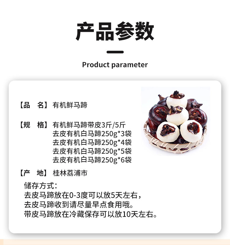 【厂商直发】广西有机鲜马蹄荸荠带皮去皮白马蹄清甜多汁新鲜包邮
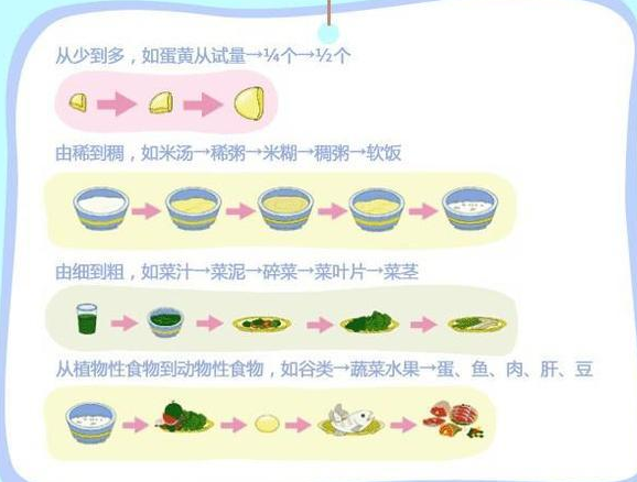 早期添加的辅食是细软的泥糊状食物,逐步过渡到粗颗粒的半固体食物,再到较大的团块状固体食物。
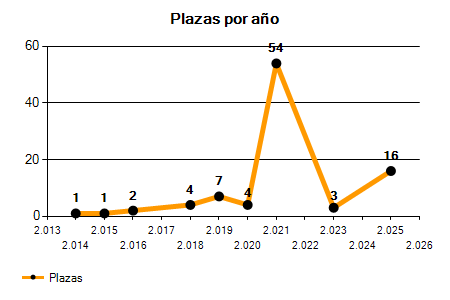 En los siguientes gráficos se puede ver la evolución del número de convocatorias y plazas convocadas por el ayuntamiento de Villanueva del Arzobispo de los últimos años pudiéndose observar un crecimiento del 1.500,00% desde el año 2014 hasta el 2025 en número de convocatorias y un crecimiento del 1.500,00% en número de plazas convocadas.
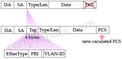 While using a packet analyzer, you notice four additional bytes being added to the packets in the Company network. Which protocol inserts a four byte tag into the Ethernet frame and recalculates CRC value?
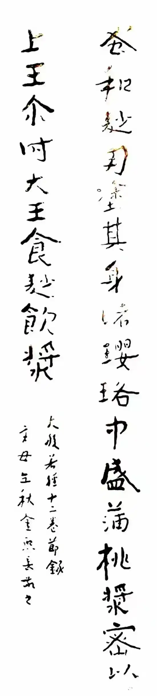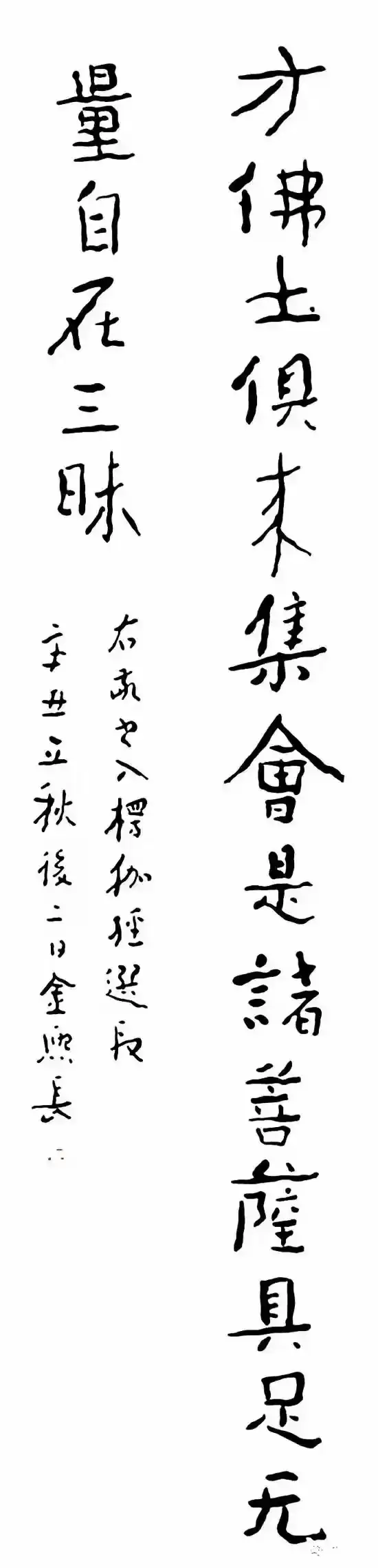 如今看很多书法作品,要么困在“古法”里不敢越雷池,写得像复印纸般刻板;要么为了“创新”而刻意求怪,笔墨浮躁得让人眼晕。金熙长先生的难得,正在于他把“技法”“经典”“心性”拧成了一股绳——他的笔意从古法来,却带着自己的思考;他的笔境从经文中来,却落回到人间烟火;他的书风看似“无状无容无象”,实则是“以心写形”的结果。看他的《入楞伽经》,不只是看一幅书法作品,更像听一位通透的人谈“如何在传统里找自己,在修行里爱生活”——这或许就是书法美学的终极意义:笔墨不止是笔墨,更是人心的镜子;写字不止是写字,更是对“真”的追寻。
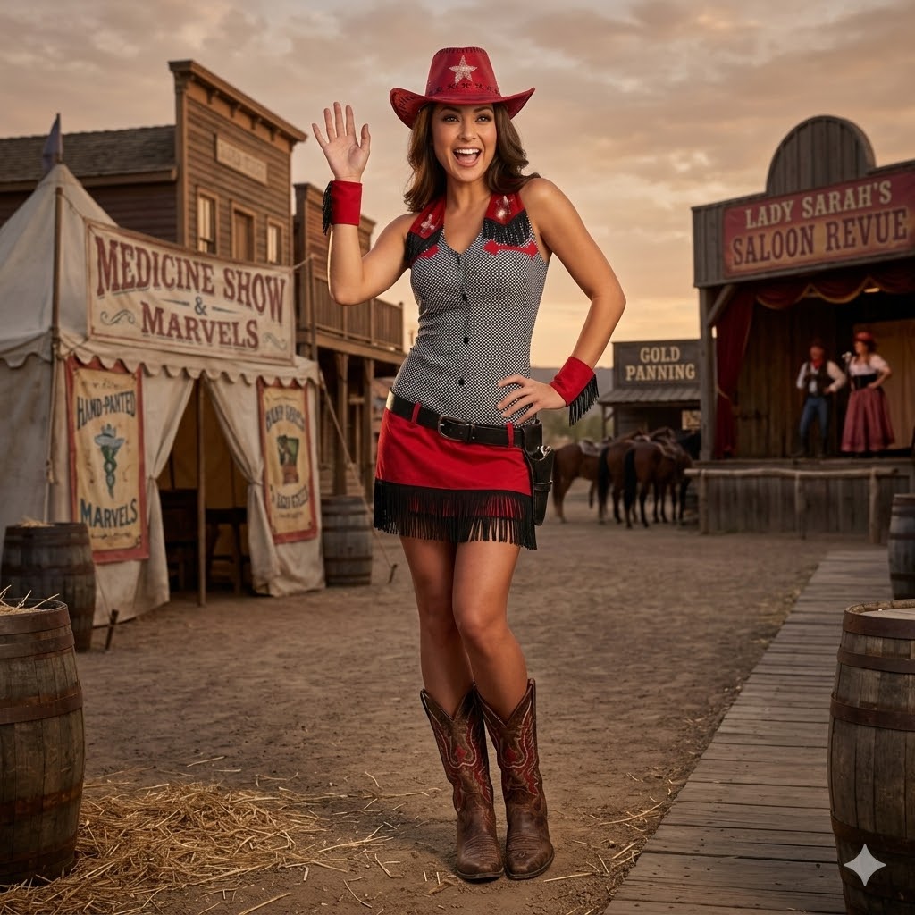 Descrição de Acessórios: Vestido, Cinto, Braceletes e Chapéu

Your task. Among the entries above, locate the line with "While using a" and the line with "如今看很多书法作品,要么困在". Give those two lines and all lines between them again, exactly, leaving out the pictures.

Output of the task.
 While using a packet analyzer, you notice four additional bytes being added to the packets in the Company network. Which protocol inserts a four byte tag into the Ethernet frame and recalculates CRC value?
 如今看很多书法作品,要么困在“古法”里不敢越雷池,写得像复印纸般刻板;要么为了“创新”而刻意求怪,笔墨浮躁得让人眼晕。金熙长先生的难得,正在于他把“技法”“经典”“心性”拧成了一股绳——他的笔意从古法来,却带着自己的思考;他的笔境从经文中来,却落回到人间烟火;他的书风看似“无状无容无象”,实则是“以心写形”的结果。看他的《入楞伽经》,不只是看一幅书法作品,更像听一位通透的人谈“如何在传统里找自己,在修行里爱生活”——这或许就是书法美学的终极意义:笔墨不止是笔墨,更是人心的镜子;写字不止是写字,更是对“真”的追寻。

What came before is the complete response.